* TASK OBJECTIVE
A verbatim transcript of the data below is required, images omitted.

* GIVEN MATERIAL
- Opening Delimiter -
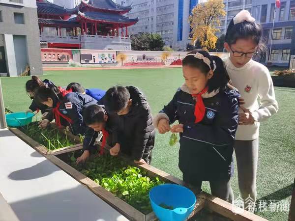 南京夫子庙小学利用教学楼顶开辟天空农场,作为劳动教育实践基地。每天下午课后服务时间,同学们在天空农场进行植物管养,观察记录植物生长的变化。
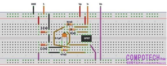 圖11. 使用非穩態觸發器生成PWM訊號的試驗板電路
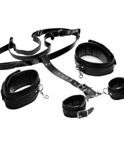 Get your play thing into the perfect position for penetration! Spread those legs open and restrain those wrists! This highly adjustable bondage sling will create a darkly seductive atmosphere for you and your lover to enjoy. Adjust the back strap to bring their wrists up or down their back. Bring their knees up to their chest with the thigh strap to leave them completely vulnerable and exposed. The padded cuffs will keep them comfortable through the long hours of your pleasing, teasing, and tormenting! Each of the buckles locks, if you wish, to further incarcerate your submissive lover. Take control of the evening when you strap your lover into this durable and sexy sling!
- Closing Delimiter -
* SOLUTION TO THIS PROBLEM
 南京夫子庙小学利用教学楼顶开辟天空农场,作为劳动教育实践基地。每天下午课后服务时间,同学们在天空农场进行植物管养,观察记录植物生长的变化。
 圖11. 使用非穩態觸發器生成PWM訊號的試驗板電路
 Get your play thing into the perfect position for penetration! Spread those legs open and restrain those wrists! This highly adjustable bondage sling will create a darkly seductive atmosphere for you and your lover to enjoy. Adjust the back strap to bring their wrists up or down their back. Bring their knees up to their chest with the thigh strap to leave them completely vulnerable and exposed. The padded cuffs will keep them comfortable through the long hours of your pleasing, teasing, and tormenting! Each of the buckles locks, if you wish, to further incarcerate your submissive lover. Take control of the evening when you strap your lover into this durable and sexy sling!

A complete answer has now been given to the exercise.